УДИВЛЕНИЕ
Автобус остановился у переезда, пропуская севастопольский поезд, и потянулась вслед за вагонами светлая грусть о далеком море…
- Во! Деревня поехала, - вдруг неожиданно громко произнес стариковатый уже мужчина в фетровой зеленой шляпе далеко не городского вида.
- Ну что вы, поезд как поезд… Зачем хаять, - примирительно возразила рядом сидящая женщина.
И мне в первую минуту послышалось непонятное пренебрежение в его реплике…
- Да нет, целая деревня хат и людей, говорю, поехала, - кивнул мужчина разъяснительно вслед поезду.
Вот он, оказывается, о чем. Удивился человек, а его осудили.
УРОК ВЕЖЛИВОСТИ
Два малыша на детской площадке завозились вокруг старой игрушечной машины. К ним подошла юная мама:
- Что такое? Почему не даешь ему машину, Леночка? - спросила она добрым голосом.
- Он нехорошо просит.
- Сережа, попроси лучше. Скажи: "Дай, пожалуйста!.."
- Отдай, пожалуйста, мою машину.
- На… - протянула Лена игрушку.
- Теперь он хорошо попросил?
- Ага.
Убежали довольные оба.
ВЕСЕННЕЕ
Молодые березы радуют глаз девичьим удивлением, зрелые - дурманят голову сладостным соком. Ветер, продувая рощу, разряжается в цвета и запахи весенние - молодец молодцом: упруг, свеж, вихрист…
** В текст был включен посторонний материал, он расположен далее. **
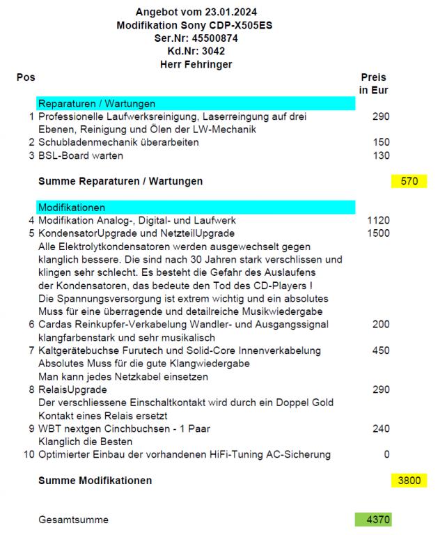 Hier eine sehr seltene Gelegenheit, einen komplett modifizierten Swoboda Audio Sony CDP-X505ES CD-Player zu bekommen, fast neu da erst vor wenigen Monate komplett revidiert!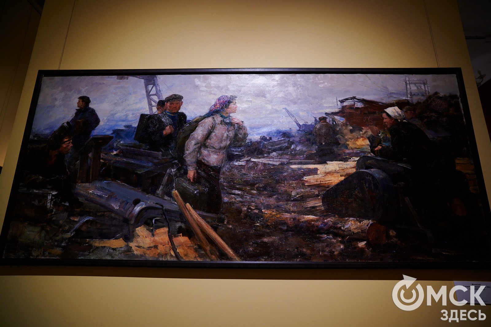 Дух новой эпохи и возвышенный образ советского человека олицетворяет заглавная композиция выставки - работа советского мастера Александра Дейнеки "Стахановцы".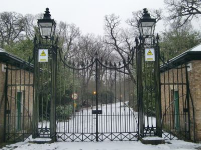 Pair Of Lodges And Gates To The South East Of Bushy House, gate in Richmond upon Thames, Greater London, UK

Посреди тропы, охмелев от весны, обнял парень девчонку. Ветер треплет, теребит красное платье, словно ревниво-завистливо хочет расторгнуть объятья… Но тщетно. Тонкая рука с раскрытыми пальцами отпечаталась на широкой спине прошлогодним кленовым листом.
ЦВЕТЫ
Бездетная, она каждое утро подолгу хлопочет над цветами: рыхлит землю, поливает и улыбается им - подрастающим и цветущим - как малышам.
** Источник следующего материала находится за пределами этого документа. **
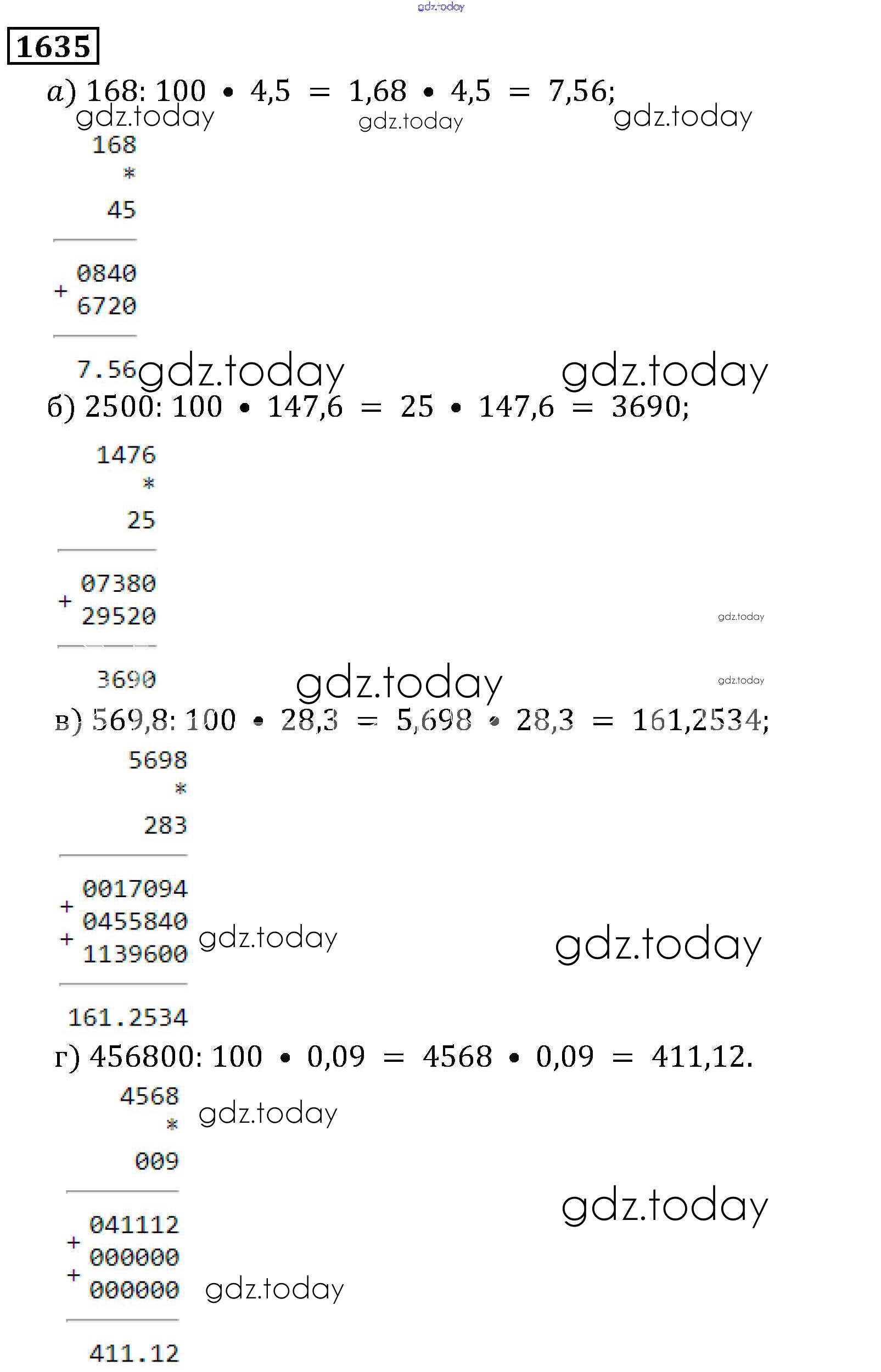 На страницах сайта gdz.today вы найдете учебный и вспомогательный материал, направленный на улучшения знаний школьной программы. ГДЗ - онлайн мир знаний Решение к главе2. Дробные числа (упражнения с 850 по 1849) 1635 Учебнику по Математике для 5 класса Виленкин, Жохов Мнемозина 2013

Человек, взращенный, не может не растить других…
БЕЗ ОКОН
- Что рисуешь, доча?
- Дом.
- А почему он без окон, без дверей?!
- Потому что там злые люди живут…
РАССКАЗЫ
БАНКА ВОДЫ
Над Окой у ажурной металлической ограды могил Поленовых задержалась толпа отдыхающих, совершающих обзорную прогулку. Массовик сказал несколько заготовленных для этого случая фраз и умолк. Притихли и остальные, кто с благоговением, а кто с любопытством всматриваясь в простое, заматеревшее от времени каменистое надгробье, сокрывшее прах художника и его жены, - основателей и первожителей этого приветливого русской душе местечка, где теперь вот собрались они на беззаботье отдыха и еще не успели как следует обвыкнуться с его вольными одежками. Держатся скованно, на часы зачем-то поглядывают, с готовностью подчиняются всяким необязательным командам…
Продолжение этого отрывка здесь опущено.